Cardinal Ratzinger wrote that evangelization should teach ‘the art of living’ . . .
In an address to catechists and educators in the Jubilee Year 2000, then-Cardinal Joseph Ratzinger said that the New Evangelization entails more than proclaiming doctrines and moral truths. More fundamentally, it is teaching what he calls “the art of living.”
“How does one learn the art of living? Which is the path toward happiness? To evangelize means to show this path — to teach the art of living,” he says.
Living well isn’t easy. It requires many skills that are learned like an art form. Indeed, to find fulfillment in life’s most fundamental relationships (marriage, parenting, friendship, relationship with God), one must have an array of virtues such as patience, generosity, self-control and charity. For hundreds of years, men and women learned the art of living from a Christian culture that handed on the wisdom of how to live a happy life from one generation to the next.
But our de-Christianized, relativistic, “anything goes” society has cut itself off from this tradition. And Ratzinger is concerned that the essential values to live a happy life are no longer being passed on. Young people might learn how to succeed in a job, but they aren’t trained in the basics of how to build a successful marriage. We might learn how to invest our money wisely, but we’re unsure how to raise our children in the faith. Ratzinger says our relationships are stunted by the inability to possess joy and love:
“The deepest [human] poverty is the inability of joy, the tediousness of a life considered absurd and contradictory. This poverty is widespread today, in very different forms in the materially rich as well as the poor countries. The inability of joy presupposes and produces the inability to love, produces jealousy, avarice — all defects that devastate the life of individuals and of the world. This is why we are in need of a new evangelization — if the art of living remains an unknown, nothing else works.”
But how can the art of living be made known today? How can the Church make its voice heard in our relativistic world?
Ratzinger says we must make use of modern methods of communication. He underscores, however, that the New Evangelization will be carried out even more by the witness of Christians who embody a new way of life — Christians who question the mainstream and choose “not to live as all the others live, not to do what all do, not to feel justified in dubious, ambiguous, evil actions just because others do the same.” Christians who “look for a new style of life” different from what the world offers will illuminate the true path to happiness.
The fruit of the New Evangelization, however, won’t be seen quickly. Ratzinger warns of the temptation of impatience. The Roman Empire was not converted quickly, but over time and through small Christian communities. Even though the Christians were insignificant according to the standards of the world, they proved to be like leaven that eventually permeated the whole empire (Mt 13:33).
“New evangelization cannot mean immediately attracting the large masses that have distanced themselves from the Church by using new and more refined methods,” Ratzinger says. Instead, “it means to dare, once again and with the humility of the small grain, to leave up to God the when and how it will grow (Mk 4:26-29).”

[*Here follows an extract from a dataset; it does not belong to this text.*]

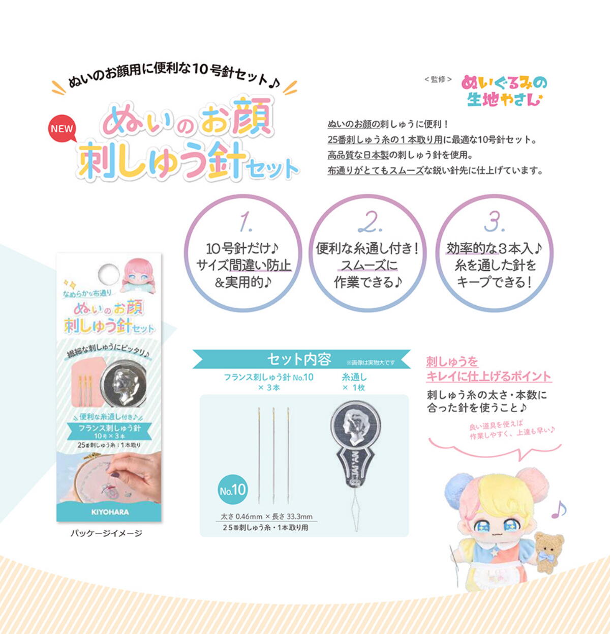 ぬいのお顔刺しゅうするのに使いやすい10号の刺しゅう針セットも同時入荷。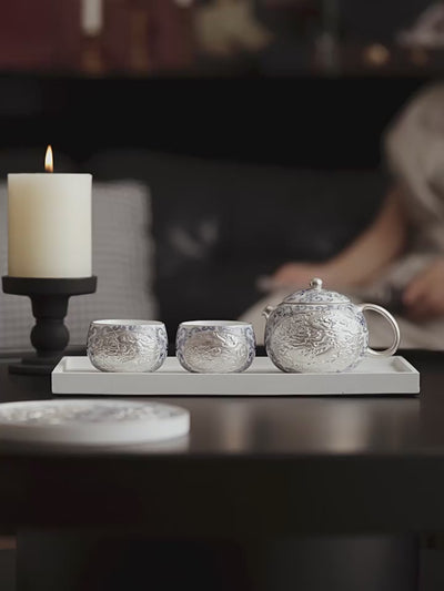Inspired by the serene motifs of the Imperial Palace, this tea set captures the elegance and tranquility of a lotus pond within the Forbidden City. Each piece is adorned with a meticulously engraved lotus pattern, symbolizing purity and enlightenment in Chinese culture. The design is then accentuated with delicate silver gilding, applied using a time-honored technique that ensures both brilliance and durability. The lustrous silver against the fine ceramic body creates a striking visual contrast, reminiscent of moonlight gliding over palace waters.

The name that Cardinal Ratzinger chose for his pontificate points in this direction. In a book-length interview published in 1997 as Salt of the Earth: The Church at the End of the Millennium, Ratzinger turns to St. Benedict as a model for the kind of renewal that the world needs today. In late antiquity, just as the decadent Roman Empire was starting to collapse on itself, a young Roman nobleman named Benedict abandoned the mainstream ways of living. Though escaping the notice of most people in his time, St. Benedict and the monastic communities he founded carried the Gospel through difficult times and attracted many others to a better way of life. Benedict’s small movement eventually became what Ratzinger calls “the ark on which the West survived.”
Similarly, the Church today is entering a new era which will be characterized by the mustard seed — small groups that seem to have little significance in the world, Ratzinger says. But these small groups of Christians who, like St. Benedict, depart from the secular, individualistic patterns of living pave the way for new models of life in our morally chaotic society.
“There are Christians who drop out of this strange consensus of modern existence, who attempt new forms of life,” he says in Salt and Light. “To be sure, they don’t receive any public notice, but they are doing something that really points to the future.” For the Holy Father, the New Evangelization will be carried out in a particular way through new movements, families and other small Christian communities who, like those followers of St. Benedict, will be the seemingly insignificant mustard seed that eventually transforms the culture.
Edward P. Sri, STD, is provost and professor of theology and scripture at the Augustine Institute in Denver. The author of two Catholic best-selling books, he is a founding leader of Fellowship of Catholic University Students (FOCUS) and often speaks to Legatus chapters.